An Indian river name from Sanskrit tradition, referring to the sacred Sarayu River.
Sarayu is among the most ancient and poetic names in the Indian tradition, taken from the Sarayu River — a sacred waterway flowing through the plains of what is now Uttar Pradesh in northern India. In Sanskrit, the name is believed to derive from a root meaning "swift" or "flowing wind," and the river appears in the Rigveda, one of the oldest known texts in any Indo-European language. Ayodhya, the legendary birthplace of Lord Rama, sits on the banks of the Sarayu, making the river inseparable from the Ramayana — one of Hinduism's two great epics.
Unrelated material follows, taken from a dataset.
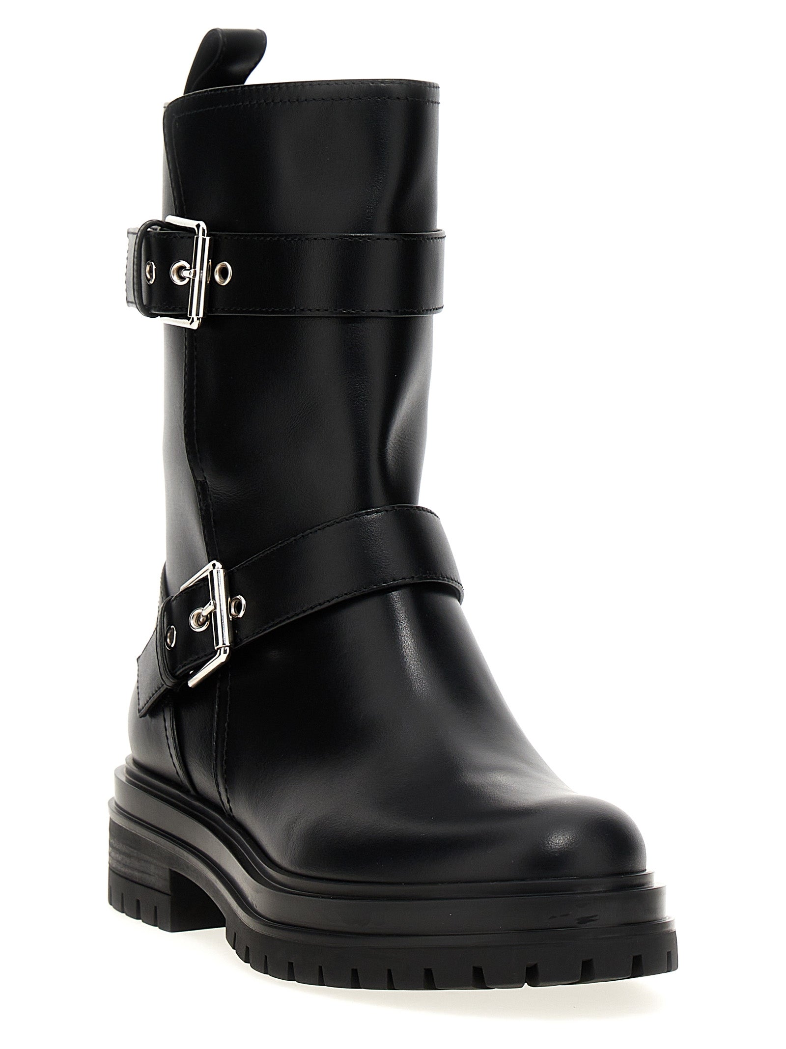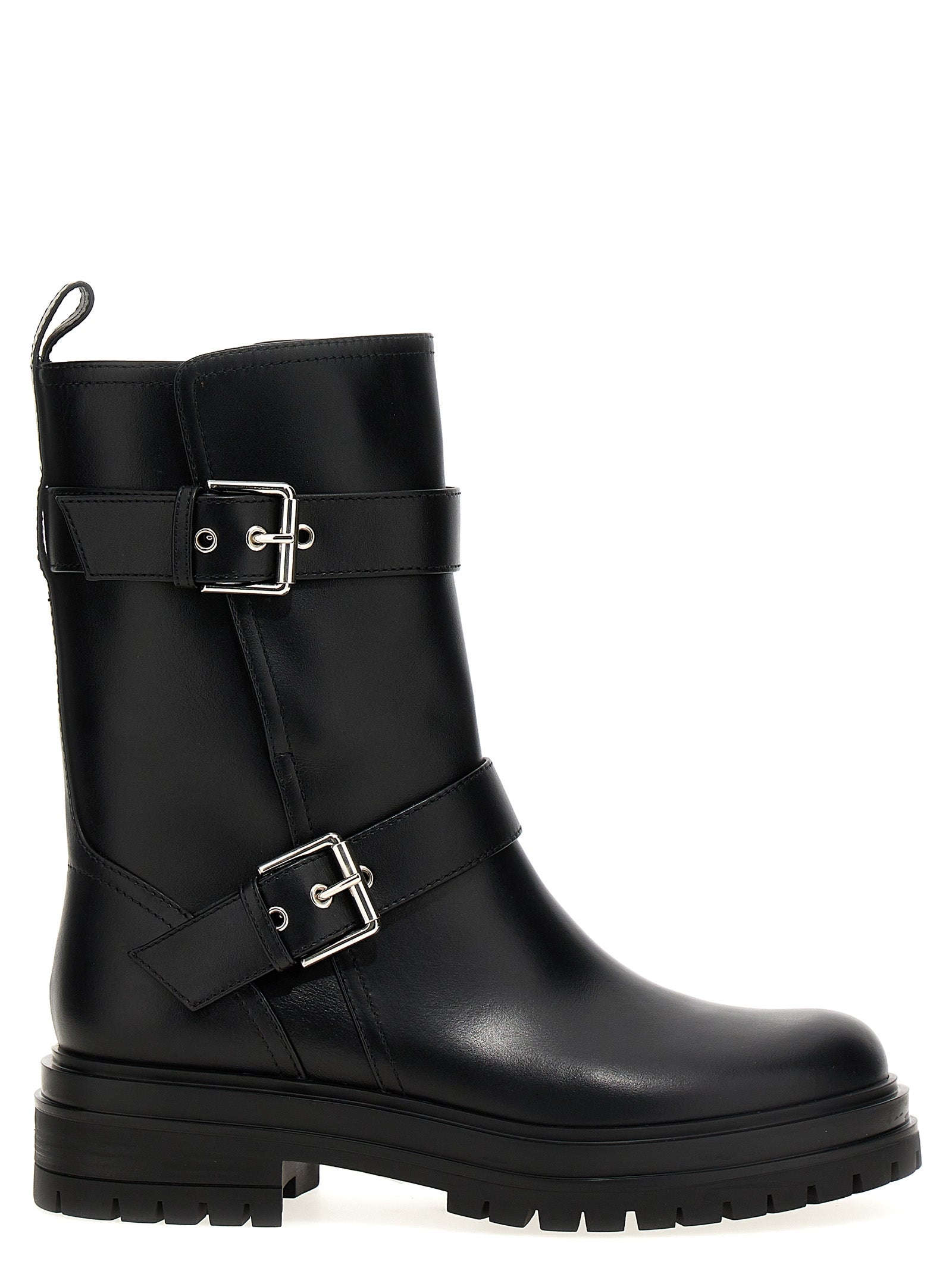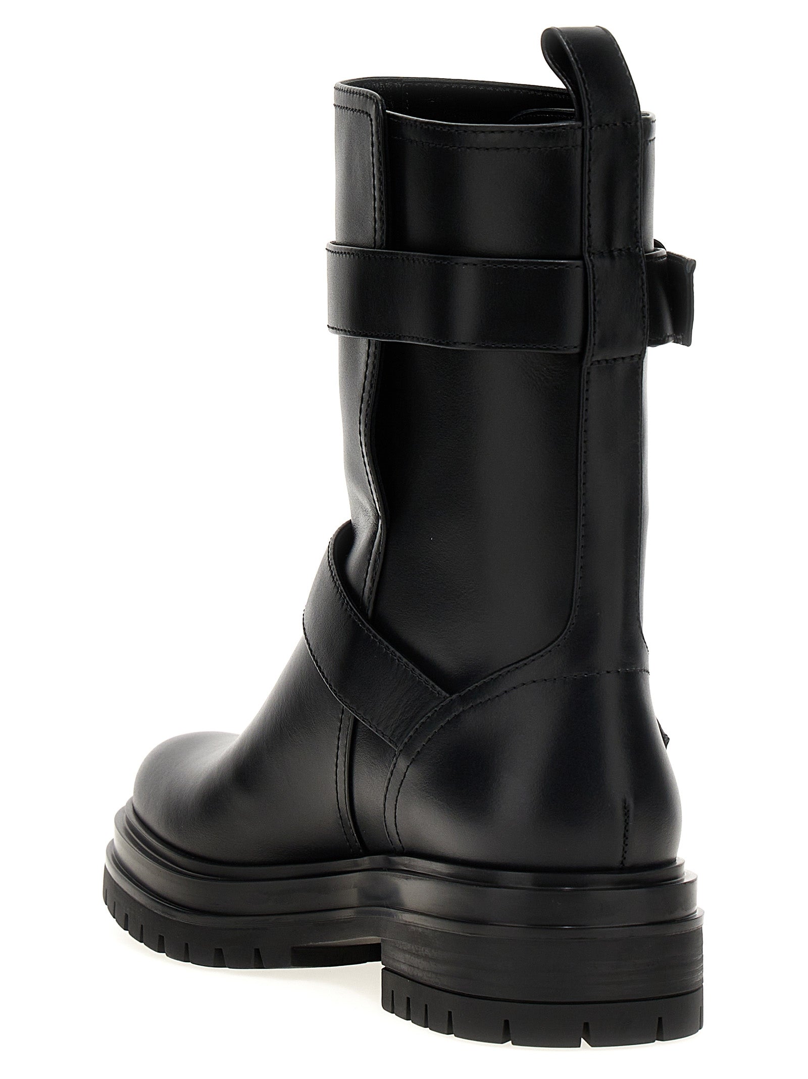 'Thiago' leather ankle boots, adjustable straps and buckle, rubber sole.

The name carries unmistakable spiritual resonance. At the culmination of the Ramayana, Rama and countless devotees walk into the Sarayu's waters in an act of divine return, making the river a symbol of moksha — liberation from the cycle of rebirth. To name a daughter Sarayu is to invoke this gentle, flowing holiness: a blessing wrapped in geography and myth.
In modern India, Sarayu is used predominantly among Hindu families in northern and western India, appreciated for its classical femininity and literary weight. It gained renewed cultural attention in recent years through media and literature that revisit Ramayana traditions. Outside India, it has traveled with the diaspora, a name that holds a complete mythology in five syllables — and sounds, to unacquainted ears, simply luminous.